— WHAT TO WORK ON —
Return, word for word, the lines of the listing below from the one with "Lot #237 - Tepee" through the one with "Siseriiulid: 16 mm", and no other lines.

-------- DATA IN THIS EXERCISE --------

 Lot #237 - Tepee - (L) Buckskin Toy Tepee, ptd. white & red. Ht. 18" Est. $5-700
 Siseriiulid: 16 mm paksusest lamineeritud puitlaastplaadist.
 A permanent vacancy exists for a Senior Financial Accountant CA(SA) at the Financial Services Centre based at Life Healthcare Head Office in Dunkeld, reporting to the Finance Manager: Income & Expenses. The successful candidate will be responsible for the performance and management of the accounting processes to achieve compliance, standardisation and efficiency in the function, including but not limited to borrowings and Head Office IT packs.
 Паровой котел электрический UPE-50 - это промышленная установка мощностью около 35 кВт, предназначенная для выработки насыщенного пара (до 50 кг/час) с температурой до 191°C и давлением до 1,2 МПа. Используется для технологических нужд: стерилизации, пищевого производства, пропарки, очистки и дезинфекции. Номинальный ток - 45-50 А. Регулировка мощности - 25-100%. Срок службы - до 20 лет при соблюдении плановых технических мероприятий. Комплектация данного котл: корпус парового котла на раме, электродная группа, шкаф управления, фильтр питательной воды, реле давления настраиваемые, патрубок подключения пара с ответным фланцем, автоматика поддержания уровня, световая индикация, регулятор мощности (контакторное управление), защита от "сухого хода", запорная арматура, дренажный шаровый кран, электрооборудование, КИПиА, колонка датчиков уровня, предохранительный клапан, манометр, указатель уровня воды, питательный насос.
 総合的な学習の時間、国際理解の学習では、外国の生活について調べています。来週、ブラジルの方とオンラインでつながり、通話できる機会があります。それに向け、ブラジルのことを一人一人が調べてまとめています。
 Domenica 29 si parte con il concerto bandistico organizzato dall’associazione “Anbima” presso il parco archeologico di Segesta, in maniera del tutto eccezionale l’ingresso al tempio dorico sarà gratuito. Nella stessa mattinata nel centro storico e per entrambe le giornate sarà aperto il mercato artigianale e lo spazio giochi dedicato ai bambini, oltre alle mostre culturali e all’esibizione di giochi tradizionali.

--------
-------- DATA IN THIS EXERCISE --------

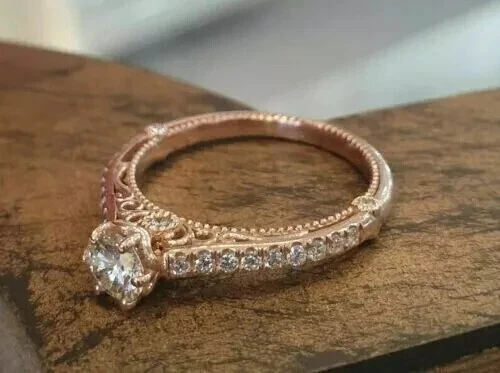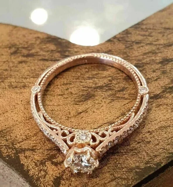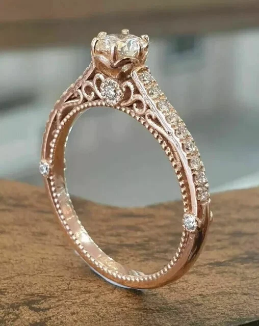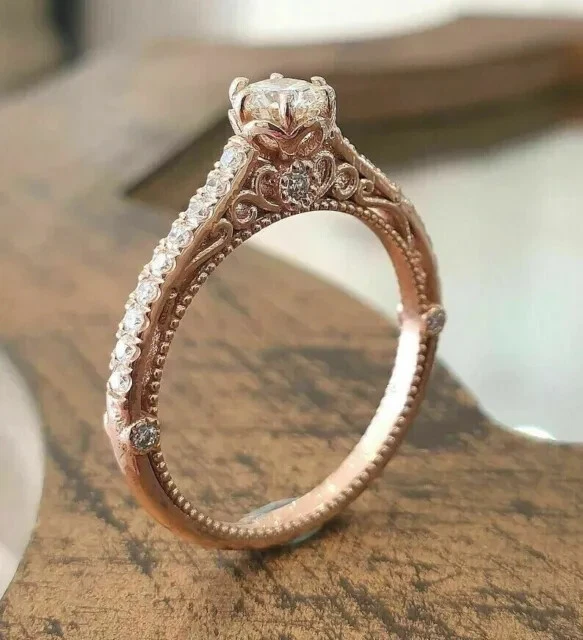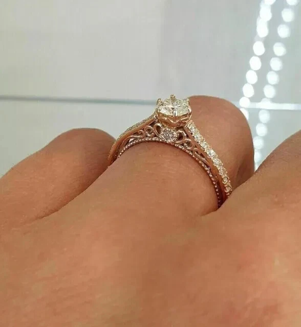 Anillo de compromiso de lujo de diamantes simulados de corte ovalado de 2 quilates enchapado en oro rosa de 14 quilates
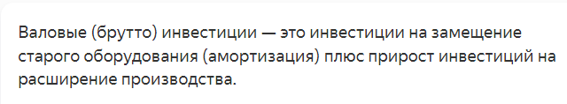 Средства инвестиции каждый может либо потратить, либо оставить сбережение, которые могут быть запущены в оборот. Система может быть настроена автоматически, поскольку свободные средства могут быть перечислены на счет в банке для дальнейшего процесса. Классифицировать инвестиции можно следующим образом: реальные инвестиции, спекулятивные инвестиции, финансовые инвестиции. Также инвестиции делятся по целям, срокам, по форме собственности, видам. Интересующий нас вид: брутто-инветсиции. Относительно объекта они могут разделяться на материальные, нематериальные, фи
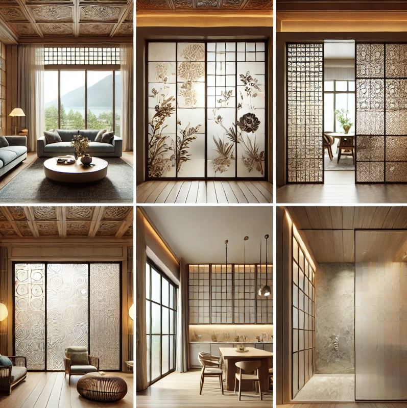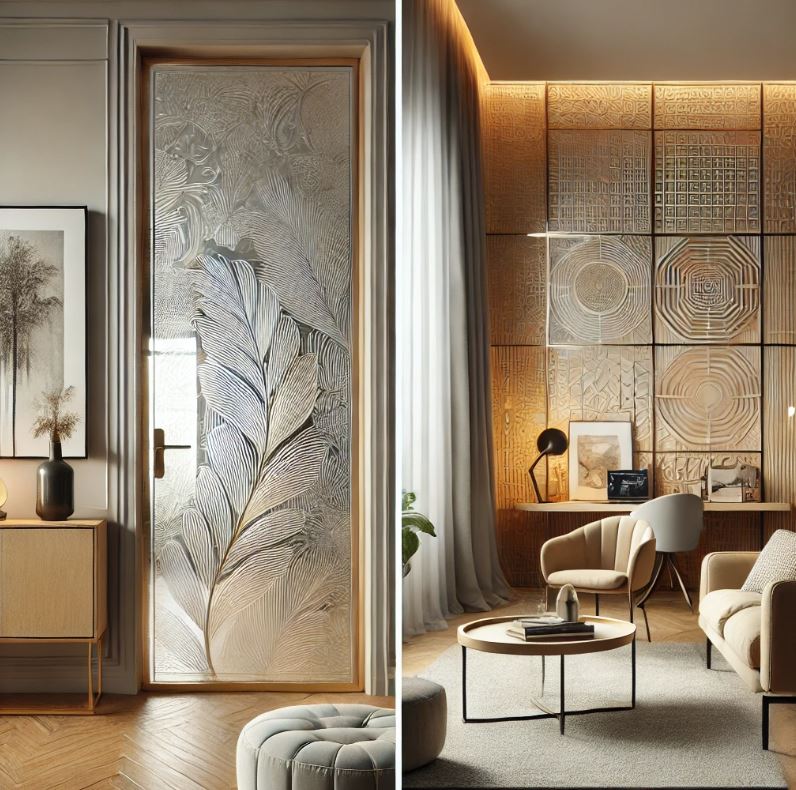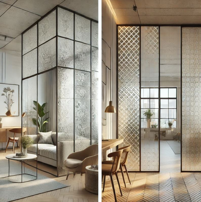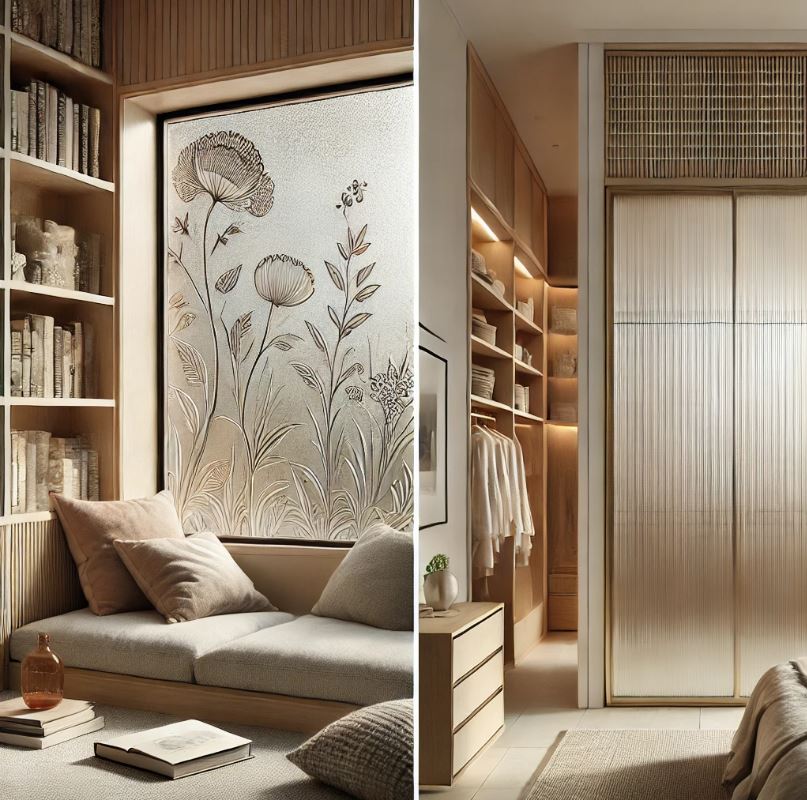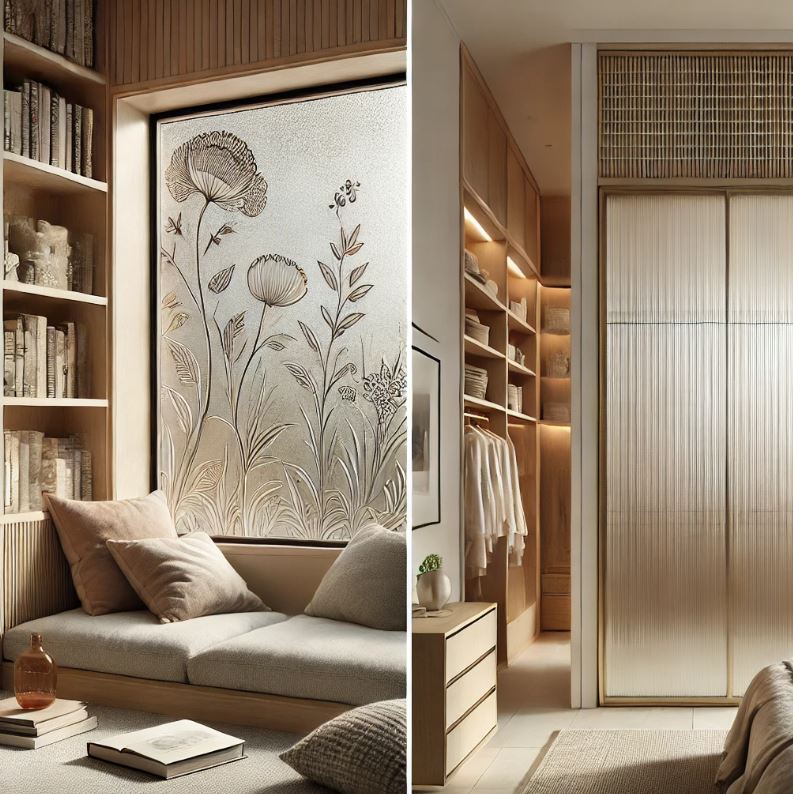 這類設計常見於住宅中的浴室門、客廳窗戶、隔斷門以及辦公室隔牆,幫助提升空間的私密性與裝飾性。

--------

— SOLUTION TO THIS TASK —
 Lot #237 - Tepee - (L) Buckskin Toy Tepee, ptd. white & red. Ht. 18" Est. $5-700
 Siseriiulid: 16 mm paksusest lamineeritud puitlaastplaadist.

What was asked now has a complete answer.